A TEKKE BIRD ASMALYK
WEST TURKMENISTAN, CIRCA 1800
Localised light wear, a few minute cobbled repairs, overall good condition
3ft. x 4ft.6in. (90cm. x 137cm.)

Special Notice

These lots have been imported from outside the EU for sale using a Temporary Import regime. Import VAT is payable (at 5%) on the Hammer price. VAT is also payable (at 20%) on the buyer’s Premium on a VAT inclusive basis. This VAT is not shown separately on the invoice. When a buyer of such a lot has registered an EU address but wishes to export the lot or complete the import into another EU country, he must advise Christie's immediately after the auction.

Lot Notes

Traditionally in Central Asia a bride would ride an elaborately decorated camel to the marriage ceremony and to her new home. Asmalyk are camel covers made specifically for adorning the bride's camel in a wedding procession. Made in pairs, they would be draped over each side of the camel and were woven by the bride. Due to their ritual importance asmalyk are often of the finest quality and of great beauty, allowing the bride to show off her weaving ability - a skill that was greatly valued by the Turkmen. Most surviving asmalyk are attributed to the Yomut tribe but there is a rare and particularly special group attributed to the Tekke, which has two sub-groups the 'Bird' and the 'Tree and Animal' type. The present lot is a wonderful example of a Tekke Bird asmalyk and an exciting addition to the twelve examples recorded in Pinner and Franses's article 'The Bird and Animal Tree Asmalyk' in Turkoman Studies I, Aspects of the weaving and decorative arts of Central Asia, London, 1980, pp. 114-133.

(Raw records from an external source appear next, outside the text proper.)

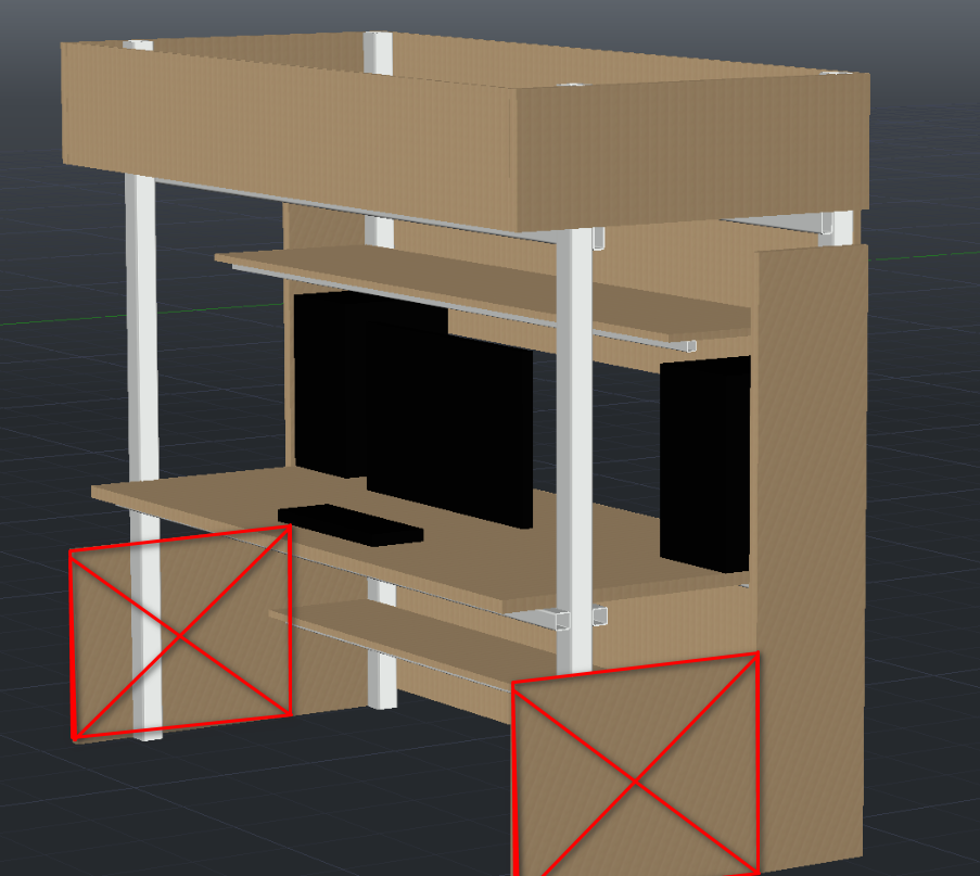 вот эти хрени уберите. зачем они? и продумайте сразу место для системника. сбоку это вообще не вариант тем более мебель с ноля делаете да и длинны стола предостаточно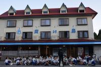 そして、ロッジへ移動し、話をしたりトランプをしたりして、思い思いの時間を過ごしました。夕食は、バーベキューでした。たくさんお肉を準備していただき、お腹いっぱい味わっていました。中には、ご飯を4杯もおかわりした生徒もいました。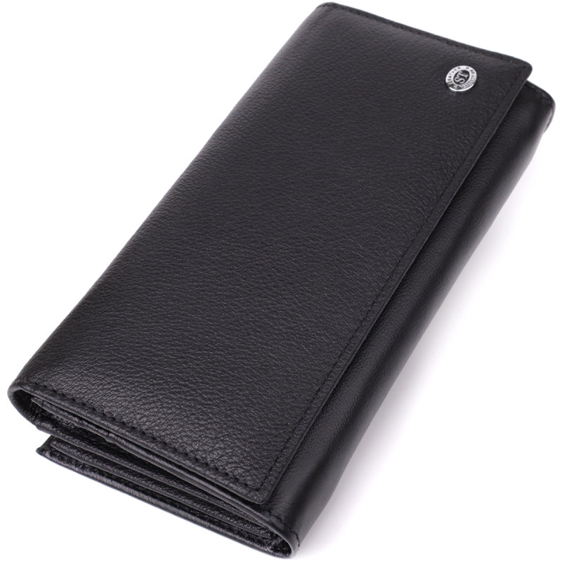 Функциональный женский кошелек на магнитах из натуральной кожи ST Leather Черный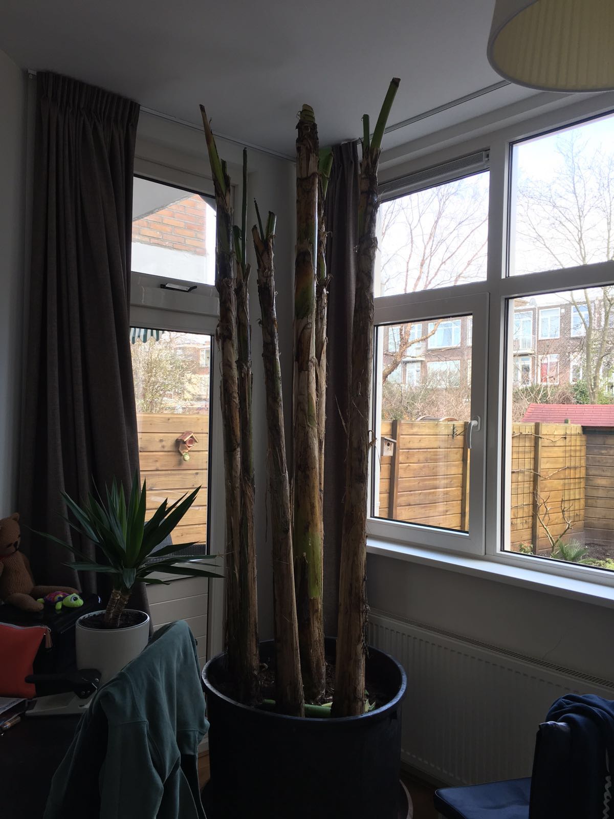 Ik ben stom geweest. Mijn trots: musa basjoo sikkimensis red tiger. Als 2 jaar haal ik hem met vee moeite en hulp van vrienden naar binnen en snijd ik de bovenkant eraf. Elke 5 dagen snijd ik de nieuwe groei eraf zodat deze niet tegen het plafond groeit zodat hij hopelijk een keer in bloei zou komen.

Bird asmalyks were first collected by the famous Russian ethnographer and photographer S.M. Dudin in 1900, when he acquired two pairs which were published in the St Petersburg art periodical Stary Gody in 1914 and 1915 by the great Turkmenophile Baron A. Felkerzam. The West was only to learn of the existence of these asmalyk in 1927 when two examples of the Bird type were illustrated in an article by F.V. Gogel in the Burlington Magazine. Our example relates closely to one of the asmalyk in the Burlington Magazine article, a piece now in the Museum of Oriental Art, Moscow (Robert Pinner and Michael Franses, ibid., fig.217, p.116). The present asmalyk and the Burlington example both have very similar border configurations and a denser field design than many other examples, with four birds appearing on the central vertical axis. However, the drawing of leaves of the lattice and the spacing of the birds is more similar to the asmalyk formerly in the Arthur D. Jenkins collection, and the second pair of Bird asmalyk collected by Dudin in 1900 (Robert Pinner and Michael Franses, ibid., fig.222-224, pp.118-119). In all three of these comparable examples the serrated leaves of the lattice are slightly wedge-shaped and the birds are surmounted by wing-shaped ornaments and are not closed off by the inclusion of an additional upper pole, the only major difference to the present example being that the birds face to the left.